# Just got a new BOV!



## FrankW (Mar 10, 2012)

I am pretty excited I just got a brand new BOV. :wave:
bought a 2015 vehicle as a BOV to enjoy the ultimate reliability in a brand new body-on-frame mid size hard as nails. truck.

This one is the Pro4X with the skidplates for oilpan, transfer case and fueltank.

For those not familiar with the Xterra it is the SUV version of the famous Nissan Frontier midsize truck.

I was originally going to get the Frontier but I was impressed by the short turn radius of the XTerra( shorter wheelbase) its ability to make quick U turns in the face of a threat and this loaded and attractive Xterra one was available for a deal since the dealerships GM had been driving it and had put 490 miles on it.

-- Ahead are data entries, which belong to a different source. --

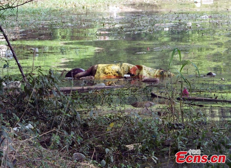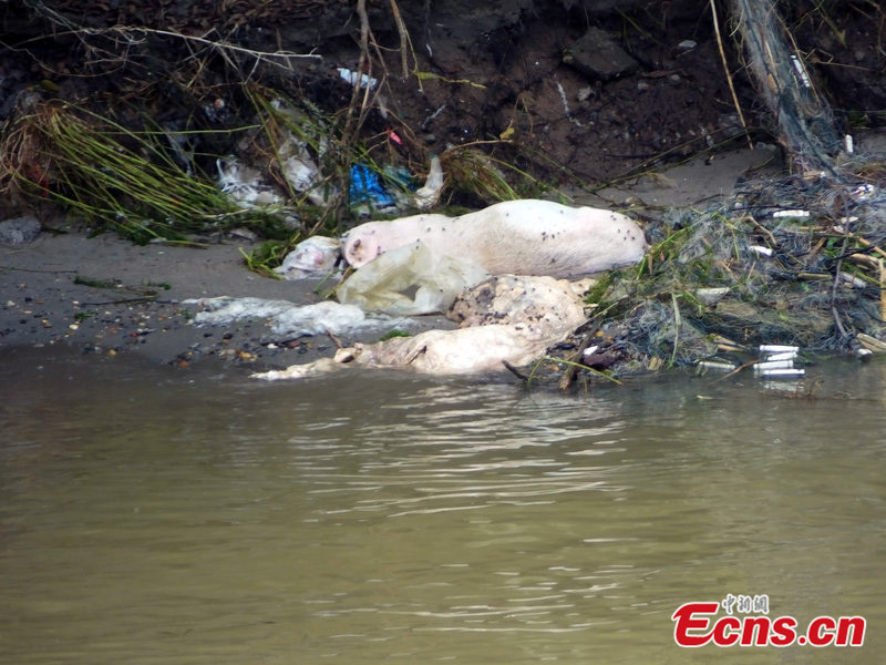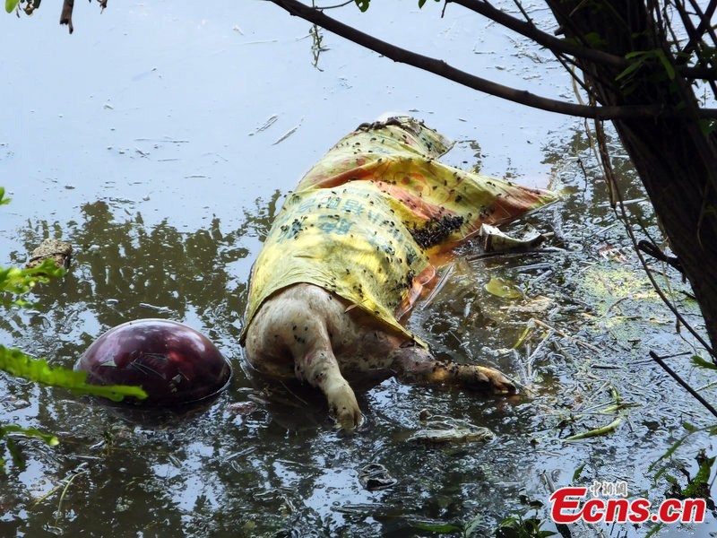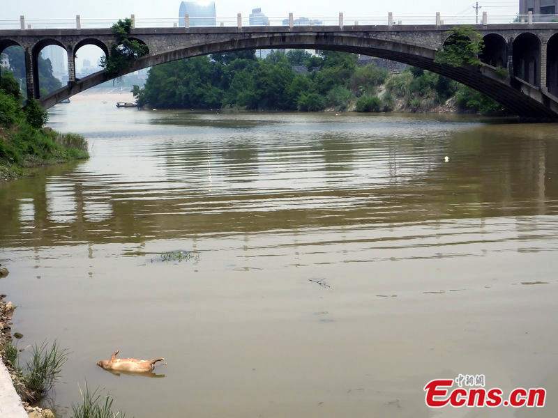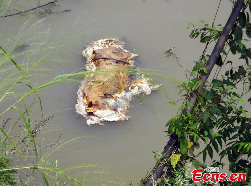 Photo taken on August 3 shows a dead pig floating in a river near Gezhouba Dam at Yichang City of central China's Hubei province. Tens of dead pigs were found rotting in the river. [Photo/CFP]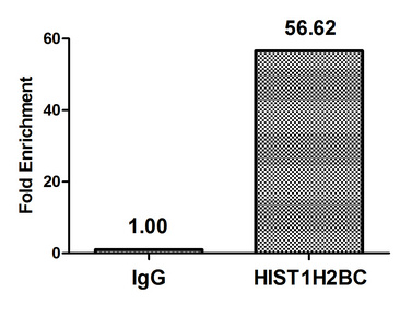• Chromatin Immunoprecipitation Hela (4*106) were treated with Micrococcal Nuclease, sonicated, and immunoprecipitated with 5µg anti-HIST1H2BC (CSB-PA010403OA12me1HU) or a control normal rabbit IgG. The resulting ChIP DNA was quantified using real-time PCR with primers against the β-Globin promoter.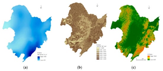 The Revised Universal Soil Loss Equation (RUSLE) input maps of the (a) R factor: rainfall–runoff erosivity factor (MJ mm ha−1 h−1), (b) K factor: the soil erodibility factor (t ha h ha−1 MJ−1 mm−1), and (c) LS factor: a combination of slope length L and slope gradient S factor (-).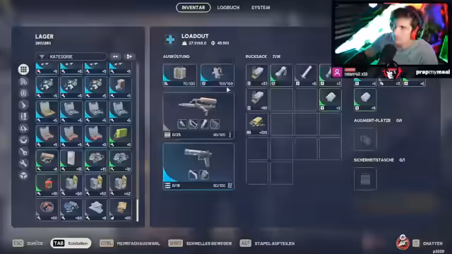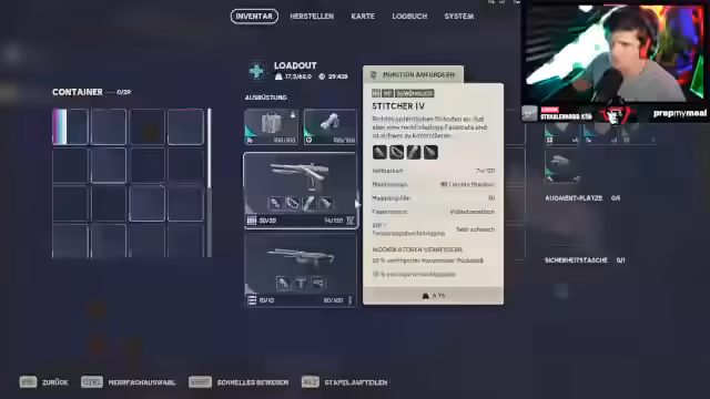 00:11:17Der Streamer begrüßt die Zuschauer am Sonntag und bereitet sich auf den Stream vor, indem er Essen in die Mikrowelle stellt und Kaffee kocht. Nach diesen kurzen Vorbereitungen kündigt er an, dass sie heute wahrscheinlich einige Prüfungen im Spiel absolvieren werden. Er stellt fest, dass er momentan alleine unterwegs ist, da die anderen Spieler nicht online sind. Bevor es richtig losgeht, muss er noch sein Inventar sortieren und Platz schaffen, da er zu viele Heilgegenstände und Desinfektionsmittel besitzt. Er überlegt, welche Gegenstände er verkaufen oder craften kann, um mehr Stauraum zu erhalten und Munition herzustellen. Dabei stößt er auf einen Bug im Spiel, der ihm fälschlicherweise anzeigt, keinen Platz zu haben, obwohl sechs Plätze frei sind. Nach Behebung des Problems kann er Munition herstellen und plant, weitere Gegenstände zu craften, um den Stash-Wert zu erhöhen.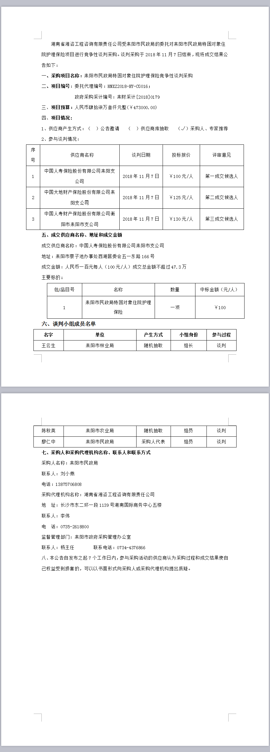 耒陽市民政局特困對象住院護理保險競爭性談判采購成交公告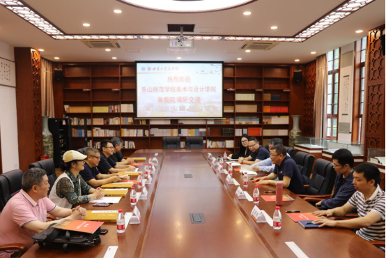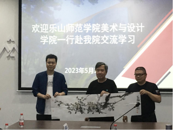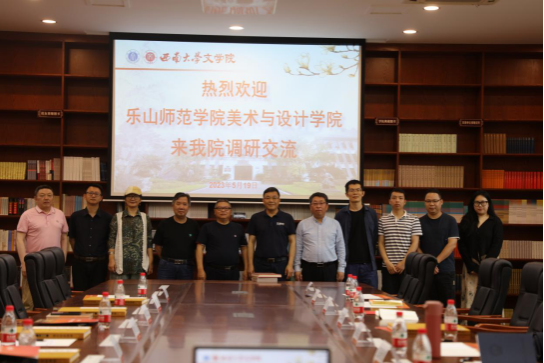 5月19日上午,熊泽文一行到西南大学文学院进行调研。文学院院长王本朝,书法研究所所长曹建教授等热情接待。王本朝介绍了西南大学文学院目前的师资情况以及科研,学科建设等情况。曹建介绍了西南大学书法研究所教学团队以及近年来所取得的科研成果等情况,介绍了研究生、博士生报考以及专业建设等相关情况,曹建带大家深入研究生教室感受书法课堂教学,交流了两校之间未来可能合作的一些事项。熊泽文代表乐师美术与设计学院表示感谢。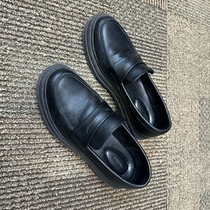 Stylish black loafers by Quince. Smooth leather finish. Perfect for everyday wear.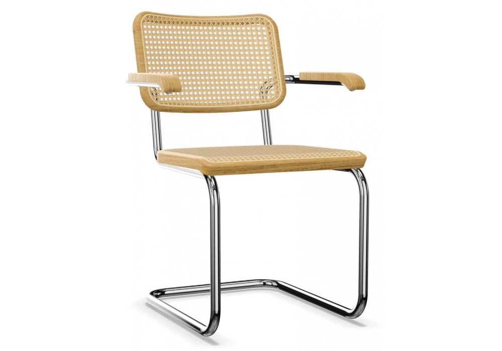 S 64 V firmata da Marcel Breuer, Artistic copyright Mart Stam per Thonet è una sedia a slitta con telaio in tubolare d'acciaio cromato. Seduta e schienale in canna d'India intrecciata. Bordatura della seduta, dello schienale e appoggiabraccia disponibili in diverse finiture.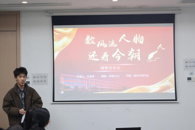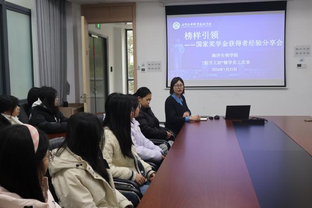 为发挥榜样引领作用,激发学子奋发向上,1月22日,海洋生物学院“职引工坊“辅导员工作室在敦睦楼206举办国家奖学金获得者经验分享会。食检3231班梁有、养殖3231班叶毅鑫两位国家奖学金得主,围绕专业学习、创新实践、综合素质提升及生涯规划展开分享。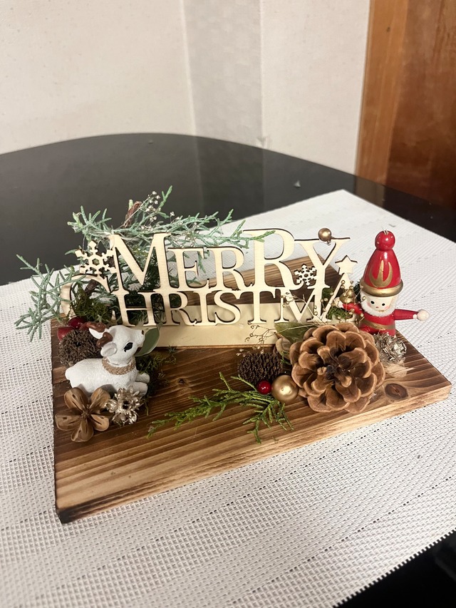 シックな色の板にクリスマスツリーを。 フレッシュ(生の葉)とプリザーブド、造花などを組み合わせてます。 一つ一つ雰囲気が違います。 台付きです。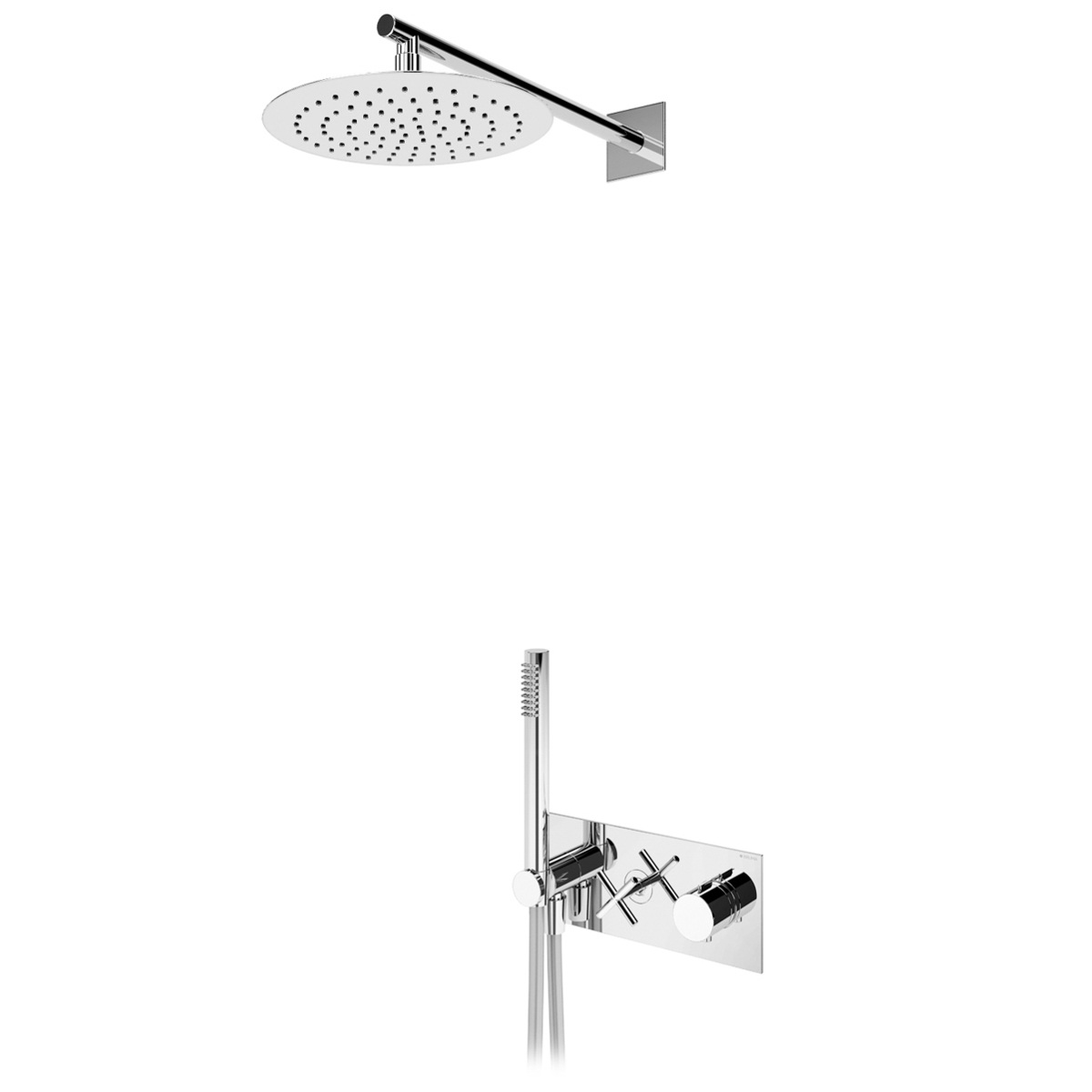 Bateria natryskowa podtynkowa termostatyczna, z deszczownicą ścienną, ze słuchawką prysznicową i przyłączem z uchwytem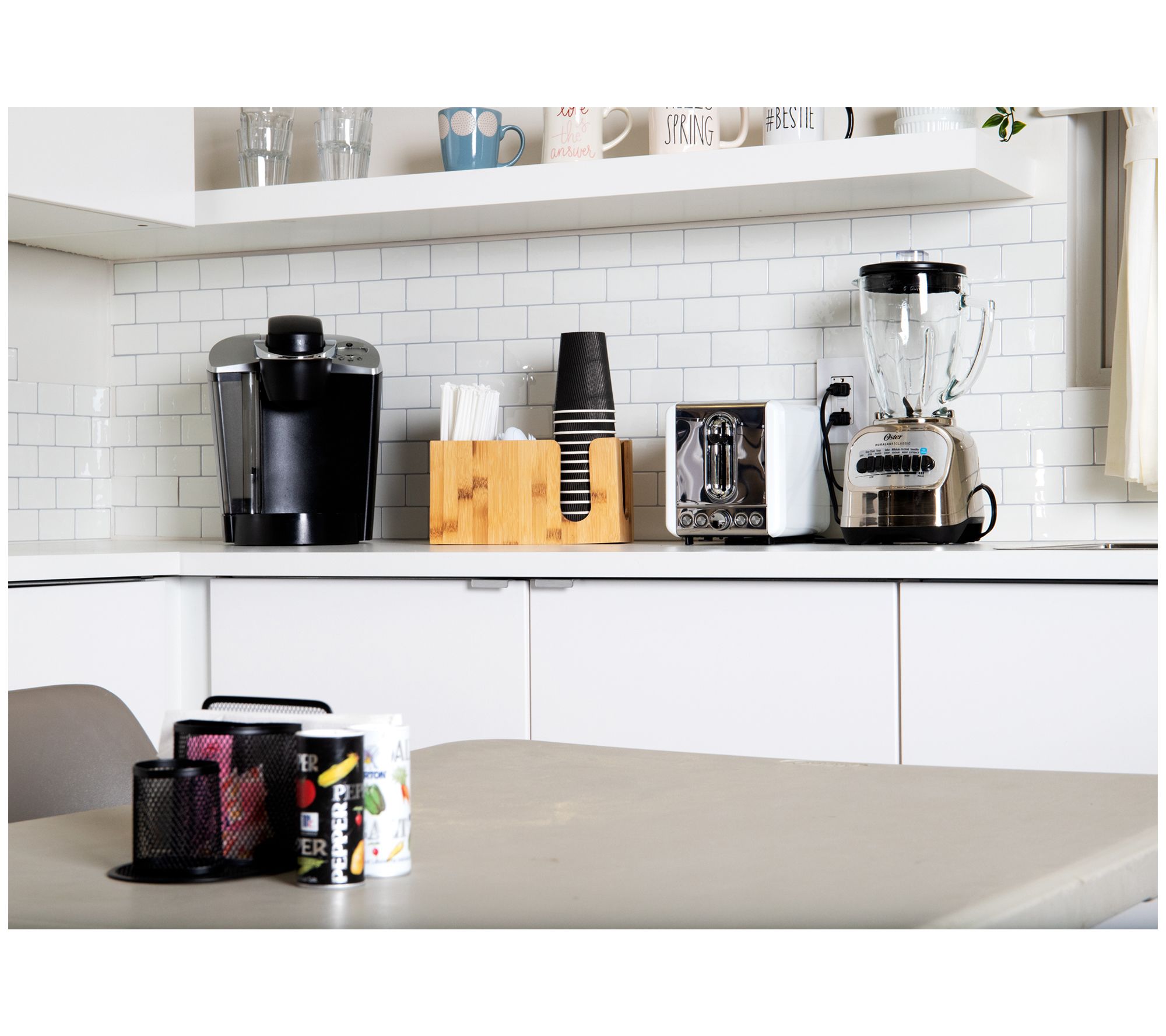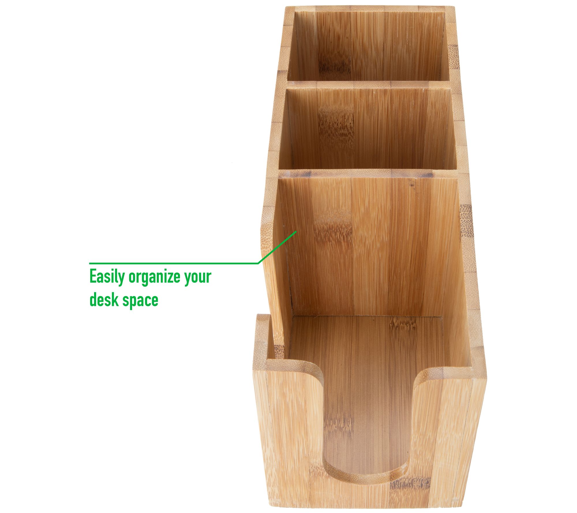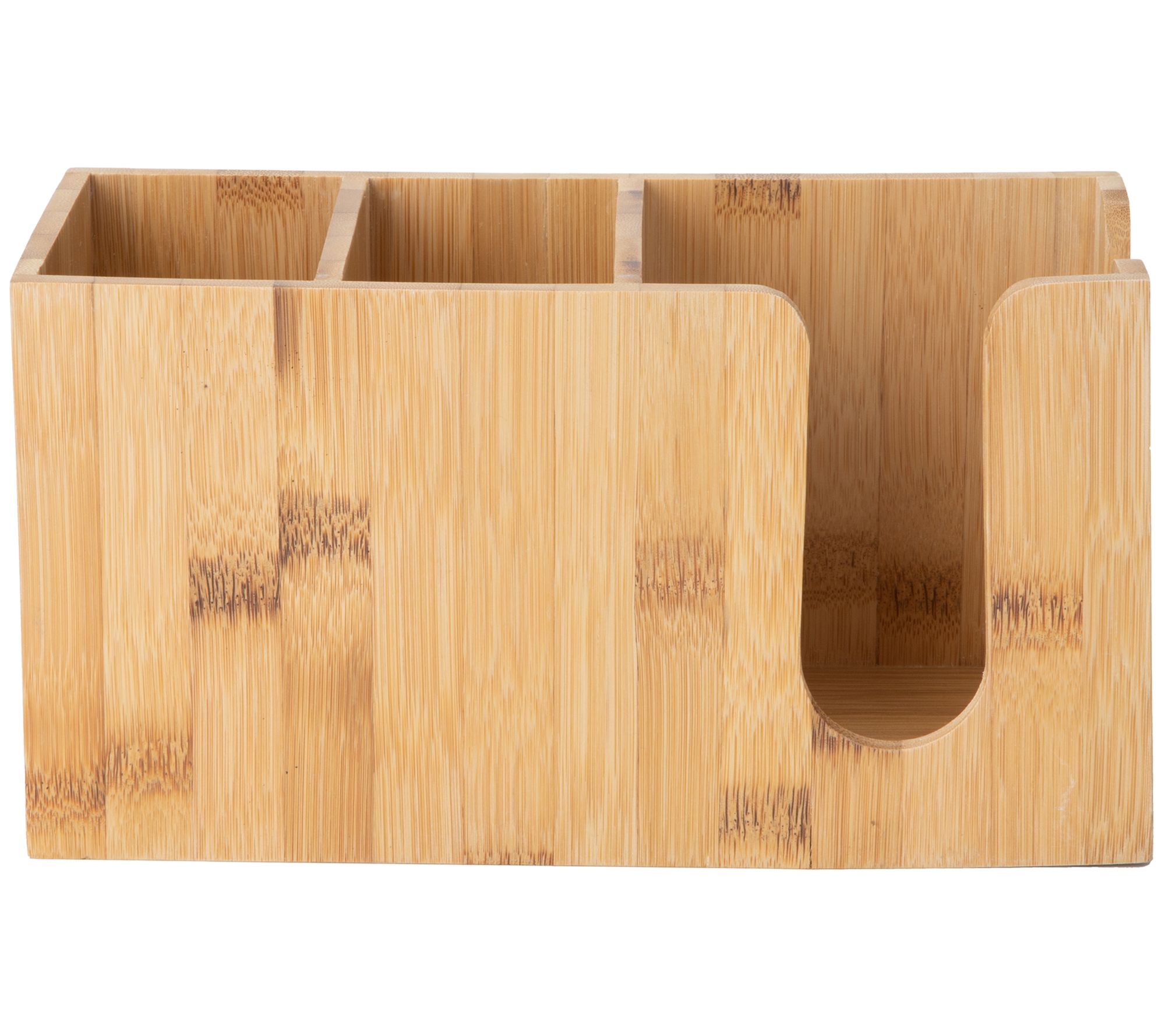 Tidy up your break room, hospitality area or kitchen with this multi-cup organizer that saves space and contains clutter. Designed to perfectly fit cups and lids in a variety of sizes, this durable bamboo wood organizer features three sections and its integrated rubber feet grip to prevent sliding. From Mind Reader Products.

Machined wheels for lightness paired with incredible strenght:


----------



## helicopter5472 (Feb 25, 2013)

Congrats on your new BOV Hope it serves you well...


----------



## hiwall (Jun 15, 2012)

congratulations!
Wish I had that kind of money. This is mine right now as long as I keep up on the payments!


----------



## FrankW (Mar 10, 2012)

Thanks for the kind words fella.s

Guess I should have added its my 1st brand new vehicle in 20 yrs..


----------



## FatTire (Mar 20, 2012)

Nice rig! I prefer older vehicles, not because of an EMP threat, but because with a 95 Chevy truck I have ready availability of replacement parts, and I she can look like an old truck but have some surprises under the hood


----------



## camo2460 (Feb 10, 2013)

Sweet BlueZ, and it's Blue just like you. LOL


----------



## FrankW (Mar 10, 2012)

I just got back from the store and added a quality Siphon, a 12V power airpump for tires and a tire plug kit to the truck into its cubby holes in the back.
Also a blanket that serves to protect the cargo floor will serve as an emergency blanket


----------



## Viking (Mar 16, 2009)

BlueZ said:


> Thanks for the kind words fella.s
> 
> Guess I should have added its my 1st brand new vehicle in 20 yrs..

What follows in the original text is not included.